Nasza Loteria SR - pasek na kartach artykułów

Rodzice uczniów jednej z klas w SP nr 34 nadal nie wiedzą, gdzie będą uczyć się ich dzieci [WRACAMY DO TEMATU]

Małgorzata Pieczyńska
Małgorzata Pieczyńska
Thinkstock
Od nowego roku szkolnego nie będzie łączenia klas IV i V w SP nr 34 w Opławcu. Propozycja, by uczniowie skorzystali z oferty Zespołu Szkół nr 16, nie podoba się rodzicom.

Dwa tygodnie temu informowaliśmy o decyzji wydziału edukacji, który w związku z małą liczbą uczniów w klasach IV i V w SP nr 34 w nowym roku szkolnym postanowił nie łączyć w nich zajęć. - Od września naborem do klasy IV zainteresowanych jest tylko troje uczniów - mówiła wówczas Jadwiga Zagert, p.o. dyrektora Wydziału Edukacji Urzędu Miasta Bydgoszczy.

Rodzicom zaproponowano, by dzieci skorzystały z oferty najbliższej placówki, czyli Zespołu Szkół nr 16 lub innej, w której uczniowie mogliby realizować obowiązek szkolny. Ratusz zapewniał też o możliwości zwrotu kosztów dojazdu uczniów do sąsiedniej szkoły. Ta sytuacja zaniepokoiła rodziców. - Nadal nie wiemy, czy klasa będzie, czy nie. W piśmie, które otrzymaliśmy w miniony czwartek od wiceprezydent Iwony Waszkiewicz, mówi się tylko o niełączeniu klas i zwrocie kosztów dojazdu dzieci do innych szkół, ale nie wspomina nic o opiekunach - twierdzi Magdalena Zając, przewodnicząca Rady Rodziców w Zespole Szkół nr 22, w skład którego wchodzi SP nr 34. - Przecież żaden z rodziców nie pozwoli dziecku samemu jechać autobusem. Z tego, co sygnalizowali mi rodzice, dzieciaki bardzo przeżywają tę sytuację. Dlaczego naraża się je na taki stres? - dodaje.

Dojazd bez opiekuna?

Jak informuje Magdalena Zając w czerwcu rodzice spotkali się z wiceprezydent Iwoną Waszkiewicz. - Najpierw prosiliśmy o utrzymanie klasy czwartej jako oddzielnego oddziału szkolnego - mówi przewodnicząca Rady Rodziców. - Rozumiemy, że względy ekonomiczne nie przemawiają za tym, więc zgodziliśmy się na trudny kompromis połączenia zajęć. Teraz poinformowano nas, że zgody na to nie ma. Nasi uczniowie są przyzwyczajeni do pracy w kameralnych warunkach, a „szesnastka” to duża szkoła. Rodzice trojga dzieci, które od września pójdą do IV klasy, nie chcą posłać tam swoich pociech. Martwią się, bo trwają wakacje, a oni nadal nie wiedzą, co będzie od września. Jeden z chłopców jest niepełnosprawny i jeśli już będzie taka konieczność, to zmieni szkołę na integracyjną.

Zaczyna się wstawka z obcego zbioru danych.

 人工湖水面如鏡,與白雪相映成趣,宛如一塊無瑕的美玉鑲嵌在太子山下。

Magdalena Zając wystosowała też oficjalne pismo do Zbigniewa Sobocińskiego, przewodniczącego Rady Miasta Bydgoszczy, z prośbą o możliwość wystąpienia obywatelskiego podczas najbliższej sesji.

- Chcę przedstawić radnym nasz problem. Wydział edukacji wiedział, że uczniów w klasie czwartej od września tego roku będzie mało. Początkowo miało być ich siedmioro, potem czworo ale jedna osoba będzie powtarzać klasę i ostatecznie zostało troje. Taką sytuację można było przewidzieć. Skoro miasto zezwala rodzicom na zapisywanie dzieci do szkół podstawowych poza rejonem, to powinno ustalić jasne zasady, jak w takiej sytuacji, jak nasza, postępować. Rozumiemy, że niektórzy rodzice wolą, aby ich dzieci uczęszczały do szkoły tam, gdzie łatwiej im odebrać swoje pociechy, np. w pobliżu miejsca pracy, ale w ten sposób kilka osób, które powinny chodzić do SP nr 34, uczy się w innych placówkach.

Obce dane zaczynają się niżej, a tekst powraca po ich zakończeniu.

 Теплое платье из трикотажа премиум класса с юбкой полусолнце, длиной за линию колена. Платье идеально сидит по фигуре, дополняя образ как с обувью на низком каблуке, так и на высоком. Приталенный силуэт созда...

Miasto nie liczy się ze zdaniem rodziców. Pomijam już to, że czas dojazdu do nowej szkoły się wydłuży. Z najdalszych zakątków Opławca, Smukały czy Janowa do „szesnastki” jest około 6-7 kilometrów, a jeśli nasi uczniowie pójdą do innych szkół, to sprawa jeszcze bardziej się skomplikuje. Poza tym, nikt nie podał nam podstawy prawnej decyzji o przewożeniu dzieci do placówki edukacyjnej poza rejonem. A przecież przyjmując dzieci do pierwszej klasy miasto poprzez szkołę zawarło chyba umowę z rodzicami o kształceniu ich dzieci - twierdzi Magdalena Zając.

Miasto zaprosi do rozmów

Magdalena Buschmann, kierownik Referatu Organizacji Oświaty Wydziału Edukacji i Sportu Urzędu Miasta Bydgoszczy, zapewnia, że miasto jest gotowe do rozmów.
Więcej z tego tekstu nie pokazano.